【新型「CX-5」は“マツダらしくない”が正解?】家族のために、乗り味まで作り替えた理由
掲載 carview! 文:小林 和久(株式会社ヘンシュウシャ) 79
掲載 carview! 文:小林 和久(株式会社ヘンシュウシャ) 79
新型「CX-5」の開発に際してマツダのエンジニアたちが口にしたのは、「ターゲットカスタマーをしっかり定めて、そのカスタマーの使用シーンにおいて提供価値を定める。その価値を実現するために性能を作り込んでいく。これはすべての領域に共通した開発のやり方です」。
ここで改めて見据える「ターゲットカスタマー」とは、CX-5が主に選ばれるファミリー層です。その彼らが日々どんなシーンでクルマを使うか。
その上で既存のCX-5にあった不満点などを徹底的に掘り下げ、走り、乗り心地、静粛性、使い勝手、安全装備のすべてを見直しこの3代目へと生まれ変わったのです。では、エンジニアたちはどのようにそのリブートをなし得たのでしょうか。
走りの開発テーマは「エモーショナル」と「コンフォート」の2軸です。軽快な加速フィールとドライバーの意図に応えるサウンド、そして低速から高速まで一貫してストレスのない乗り味と高い静粛性。この両立が今回の狙いです。
そのために採用されたのが、2.5Lの直列4気筒NAガソリンエンジンにマイルドハイブリッドを組み合わせたパワーユニット。「NAガソリンエンジンは初期の応答が良く、そこからスッと車速が立ち上がります。忙しいご家族の日常での使い方に、この特性がいちばん光るんじゃないかと考えました」とエンジニアは話します。

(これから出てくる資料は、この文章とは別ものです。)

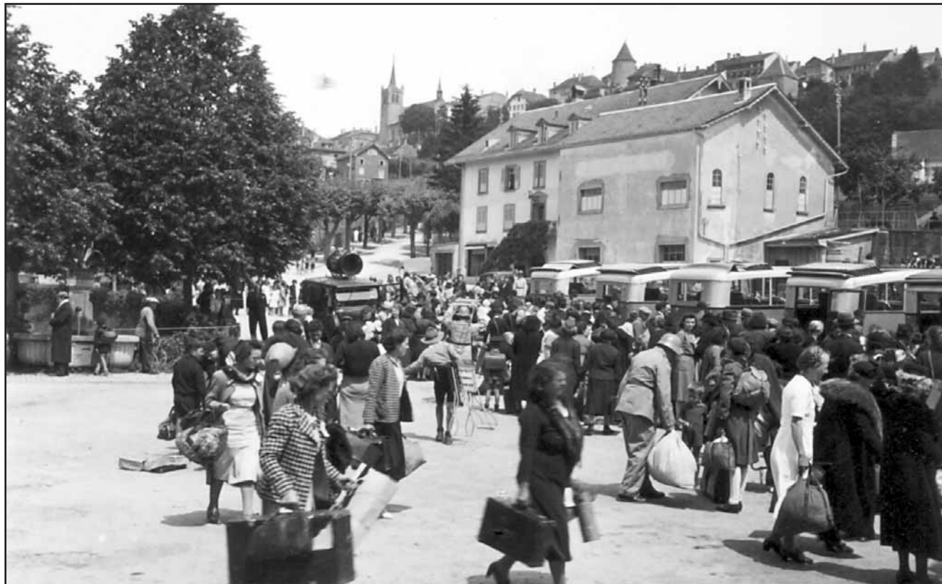
Des milliers de réfugiés civils français débarquèrent par vagues en gare de Romont à partir du 18 juin 1940.

IL Y A 70 ANS • Le 18 juin 1940, ce n'est pas l'appel du général de Gaulle qui plonge dans l'effervescence la population de Romont. Mais l'arrivée de 5000 réfugiés civils fuyant la percée allemande en France. «Je garde de cette soirée une vision dantesque», témoigne au-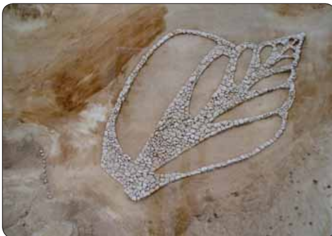
Plátok (Izrael, marec 2003)

A. Rogers vytvára po celom svete reťazce kamenných sôch - geoglyfy. S nápadom vytvoriť svetový krajinný sochársky cyklus autor prišiel v roku 1996. Sochy väčších rozmerov realizované z kameňa umiestnené v krajine, predstavujú miestne známe dávny symbol. Sú zamyslením sa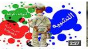
التشبيه: أجزاءه، أنواعه، أمثاله 398 views - 1 month ago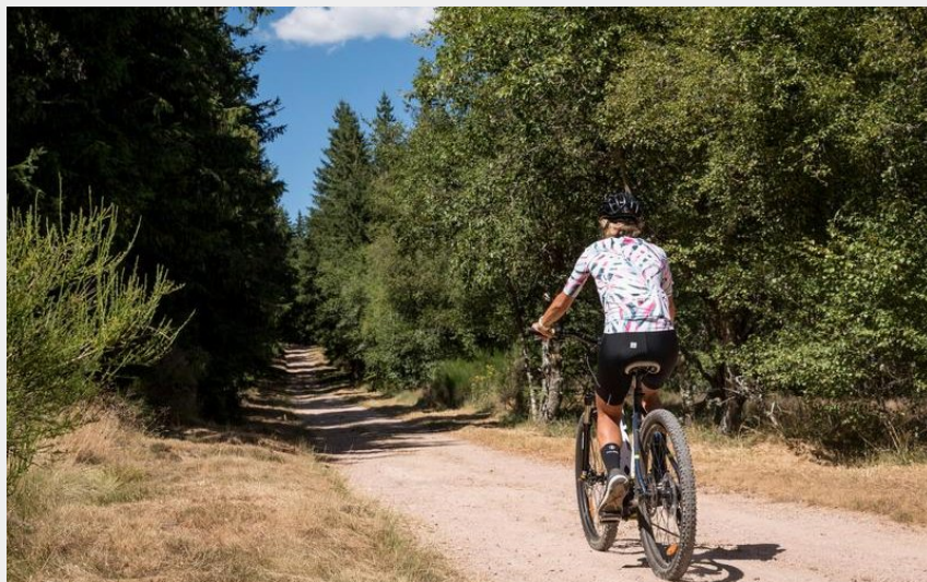
Balade en VTT à Renaison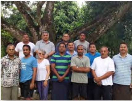
Sri Lanka: Programa para líderes do Distrito do Pacífico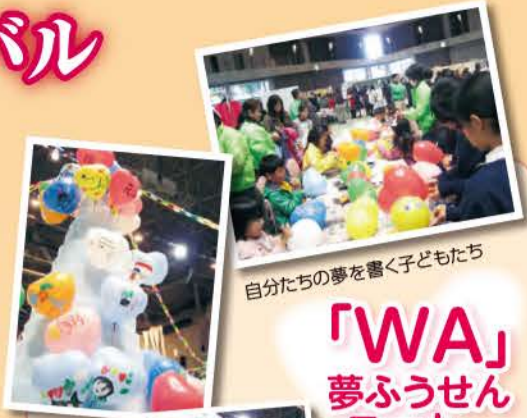
自分たちの夢を書く子どもたち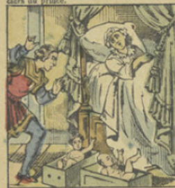
Elle se fait conduire près du malade, et ayant dit qu'elle allait quêrer une eau incomparable, elle laisse les boîtes où l'on trouve les deux enfants.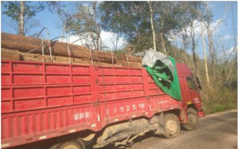
သိမ်းဆည်းရမိ ယာဉ်နှင့် တရားမဝင်သစ်များကို တွေ့ရစဉ်။

နေပြည်တော် ၈ နှစ် ၂၀ ရှမ်းပြည်နယ်(တောင်ပိုင်း)ကွန်ဟိန်း မြို့နယ်အတွင်း တပ်မတော်သားများမြန်မာ နိုင်ငံရဲတပ်ဖွဲ့ဝင်များနှင့် သစ်တောဦးစီးဌာန မှ တာဝန်ရှိသူများပါဝင်သော ပူးပေါင်းအဖွဲ့ သည် နယ်မြေလုံခြုံရေးဆောင်ရွက်စဉ် ယနေ့ နံနက် ၇ နာရီ ၁၅ မိနစ်ခန့်တွင် ဆိုင်းမွန် ကျေးရွာ၏ အနောက်ဘက် လေးပိုင်ခန့် အကွာသို့အရောက်၌ ရပ်တန့်ထားသော နှစ်ဆန်းအမျိုးအစား ၁၂ တီးယာဉ်အမှတ်၊ ၇၂/----- နှင့်ယာဉ်ပေါ်တွင်တင်ဆောင်ထား သော တရားမဝင် ပိတောက်စက္ကဝါး (ခန့်မှန်း ၁၆ တန်ခန့်)အား ပိုင်ရှင်မဲ့သိမ်းဆည်း ရမိခဲ့သည်။ အဆိုပါသိမ်းဆည်းရမိယာဉ်နှင့်တရား မဝင်သစ်များအား မိုင်းနောင်မြို့ သစ်တော ဦးစီးဌာနနှင့် မိုင်းနောင်နယ်မြေရဲစခန်းသို့ စနစ်တကျ လွှဲပြောင်းအပ်နှံသွားမည်ဖြစ် ကြောင်း သတင်းရရှိသည်။ ➤ ➤ ➤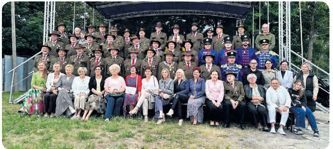
Bracia z Tucholi podczas pierwszego dnia święta – wraz z najbliższymi i gośćmi z Chorwacji.

W dokumencie nie ma wprawdzie bezpośredniego odniesienia do bractwa strzeleckiego, jednak bracia otrzymali prawo, a wręcz mieli obowiązek posiadania broni służącej do obrony miasta – szpady, muszkietu i kuszy. Właśnie takie prawa i obowiązki są charakterystycz-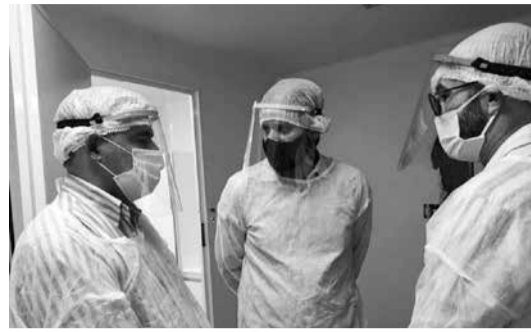
Apresentação do laboratório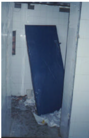
Figura 7 - Abertura forçada de porta de aço para fuga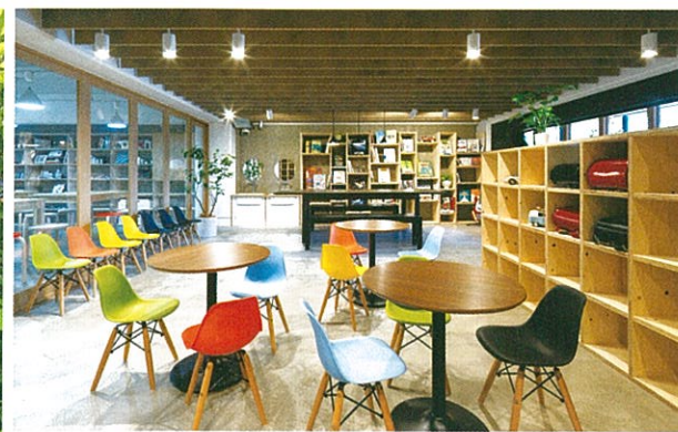
「子ども子育て総合研究所」での学童保育施設の第1弾となる「コピーアフタースクール+(プラス)代官山」は、2016年3月に開校し、新入生を迎える。

独自のメソッド「マトリクス保育」が好評の「コピープリスクール」を運営するコピーアンドアソシエイツ。「住まいは子育てのために」を信念とするミサワホームグループ。この2社の経営トップをお招きし、これからの子育て支援について語っていただいた。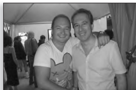
Avec Cauet, l'animateur vedette d'NRJ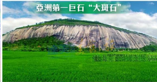
亞洲第一巨石“大斑石”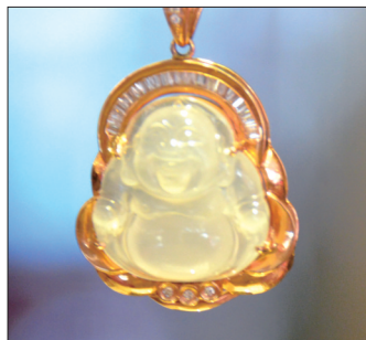
翡翠佛挂件 材质:冰种翡翠配钻石 佛谐音“福”,有佛(福)相伴, 保佑平安健康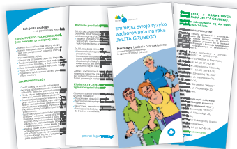
ulotki informacyjne (2009-2010)

アクセルフィールにも意図的な仕掛けがあります。「軽快感を出したかったので、ペダルの反力が軽い位置から加速を立ち上げるようにしています。ただ、それだけだと扱いにくくなるので、踏み込んでいくとしっかりリニアな特性を維持するようにしました」。
この味付けについては、「もう少しリラックスして走りたい要望もあるのでは?」という指摘があり、エンジニアも「ごもっともなご指摘です。今後に向けての宿題とさせてください」と率直に認めていましたが、筆者の感覚ではそれほど極端に動き出しが唐突または過敏だと思うほどではありませんでした。
ちなみにノーマルとスポーツモードの違いについては、「低速の走り出しはほぼ共通で、ある程度車速が上がった領域でより加速の傾きを立て、シフトタイミングを早めるのがスポーツモードです」とのこと。